Blood-brain barrier transport helps explain discrepancies in in vivo potency between oxycodone and morphine
Emma Boström, Margareta Hammarlund-Udenaes and Ulrika SH Simonsson
Division of Pharmacokinetics and Drug Therapy, Department of Pharmaceutical Biosciences, Uppsala University, Box 591, SE-751 24 Uppsala, Sweden
Objectives: The objective of this study was to evaluate the brain pharmacokinetic-pharmacodynamic (PKPD) relationships of unbound oxycodone and morphine in order to investigate the influence of blood-brain barrier (BBB) transport on differences in potency between these drugs.
Methods: Microdialysis was used to obtain unbound concentrations in brain and blood. The antinociceptive effect of each drug was assessed using the hot water tail-flick method. A population PK model of morphine was developed using NONMEM. BBB transport was described as the rate (CLin) and extent (Kp,uu) of equilibration, where CLin is the influx clearance across the BBB and Kp,uu is the ratio of the unbound concentration in brain to that in blood at steady state. A joint PKPD model of oxycodone and morphine based on unbound brain concentrations was developed and used as a statistical tool to evaluate differences in the PD parameters of the drugs.

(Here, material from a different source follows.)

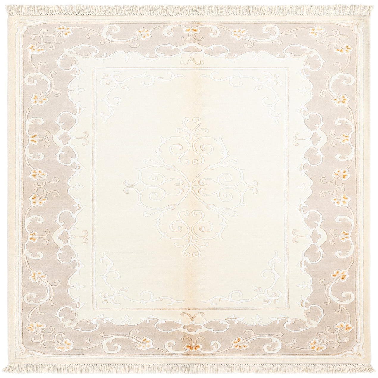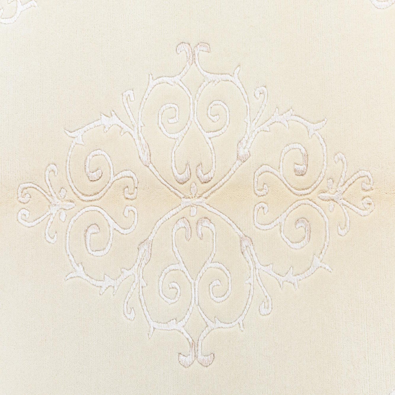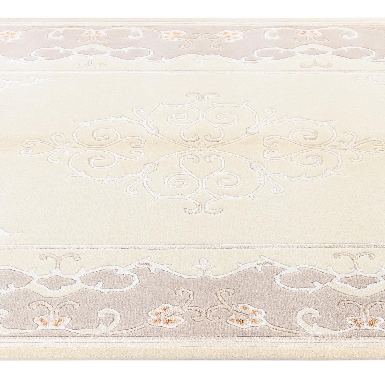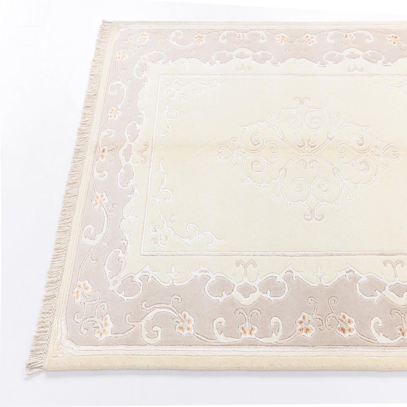The rug's intricate border frames the central medallion, lending a classic touch that is at once traditional and refined. This piece’s versatility makes it an ideal choice for adding warmth to intimate spaces such as home offices, reading nooks, or small sitting areas. Additionally, its neutral color palette and sophisticated design allow it to blend seamlessly into a variety of interior styles, including transitional, modern, and even some minimalist spaces where a subtle decorative element is desired.

Results: A six-fold difference in Kp,uu between oxycodone and morphine implies that, for the same unbound concentration in blood, the concentrations of unbound oxycodone in brain will be six times higher than those of morphine. A direct effect model was applied to the unbound brain PKPD data. A power model using Effect = Baseline + Slope • Cγ best described the data. Drug-specific Slope and γ parameters were supported by the data, making the relative potency of the drugs concentration-dependent. Based on unbound brain concentrations, morphine was the more potent drug. However, based on unbound blood concentrations, oxycodone was more potent.
Conclusions: For centrally acting drugs such as opioids, PKPD relationships used for describing the interaction with the receptor are better obtained by correlating the effects to concentrations of unbound drug in the tissue of interest rather than to blood concentrations.